Although SA is a well-studied concept, there are but a few studies that have investigated the way training and improving SA among undergraduate students can enhance their performance in the field that they have chosen. Maier, who introduced the five different types of SA, wrote that, based on psychological research findings, all five elements of SA must be specifically trained. He further introduced a modular construction system based on the traditional system where polygons are joined with rubber bands. He used real models because, in his view, those were the most successful in improving students SA [3]. Although effective, this intervention is costly, as it requires an expert teacher, and it is also time consuming and needs a lot of models if the students work individually [21]. Later, a computer-based training program was developed by Aszalos and Bako. This intervention sought to improve students’ spatial geometry ability and, according to the results, did so with success. Nevertheless, this intervention was preliminary and limited in terms of the type of ability tested to improve geometry and the number of subjects.

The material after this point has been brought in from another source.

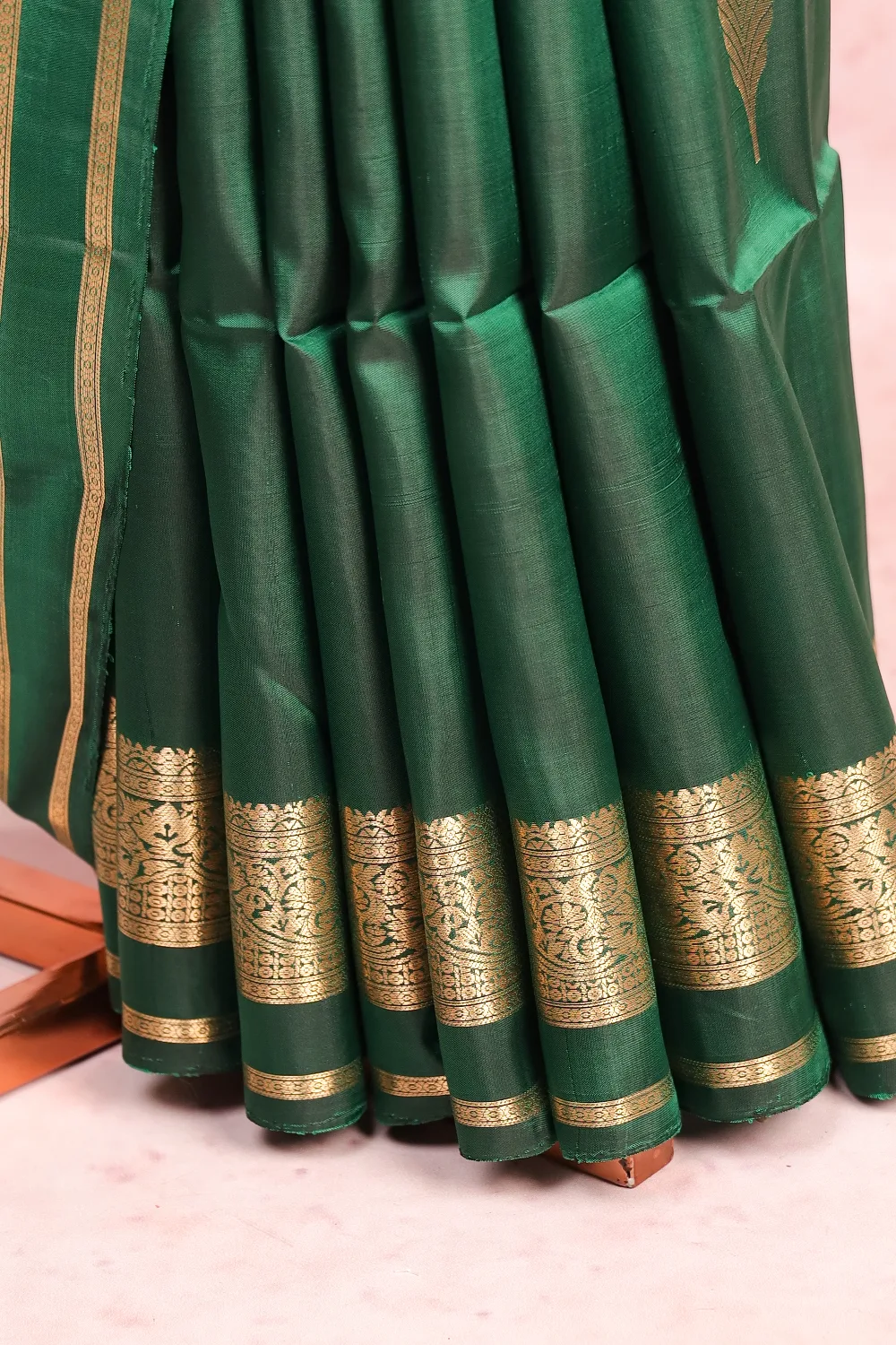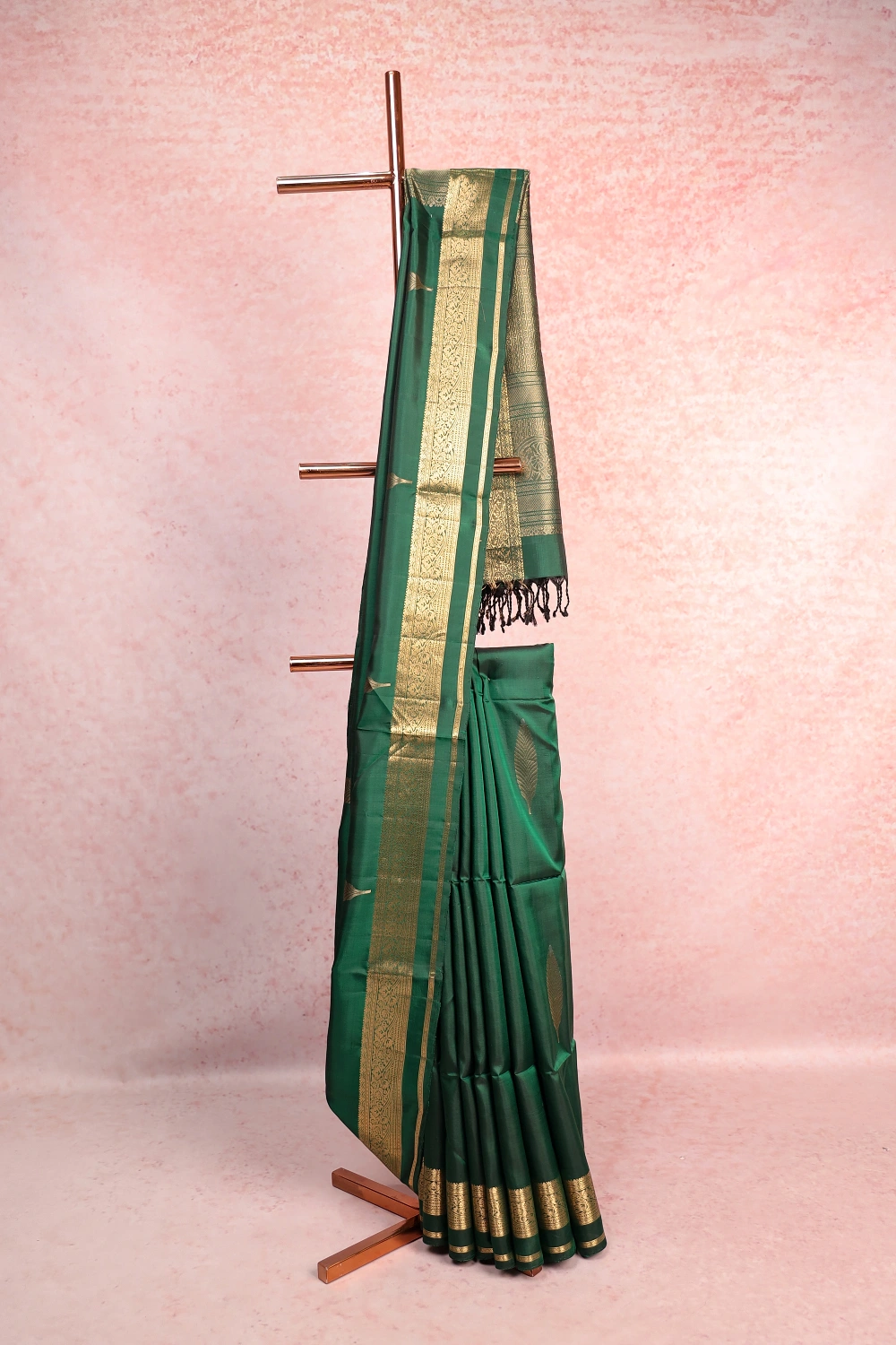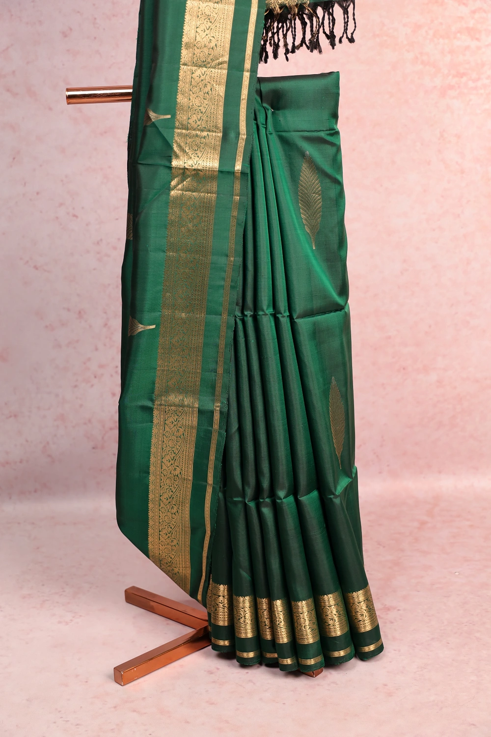 Bottle Green Kanchi Soft Silk Leaf Butta Saree with Designer Border. Includes Unstitched Blouse

Sorby [22] reported a study conducted among engineering students and examined what develops their spatial imagery ability. It was found that, in courses where students were required to draw models by hand (rather than using a computer) and work with tangible models (rather than models on a computer monitor), there was a development in their spatial performance. Special courses given to students whose mastery of spatial skills was low contributed to a marked improvement in their achievement. These findings also indicate the ability to develop SA.

More recently, attempts were made to use virtual reality training programs to help improve students’ SA; they yielded some success but were only tried on a few of the SA subtypes (mental rotation, spatial visualization, and spatial orientation) and on a very small group of subjects [19]. Though SA seems to be an essential skill for both abovementioned disciplines, neither include any direct measuring or training in their curriculum (to the best of our knowledge).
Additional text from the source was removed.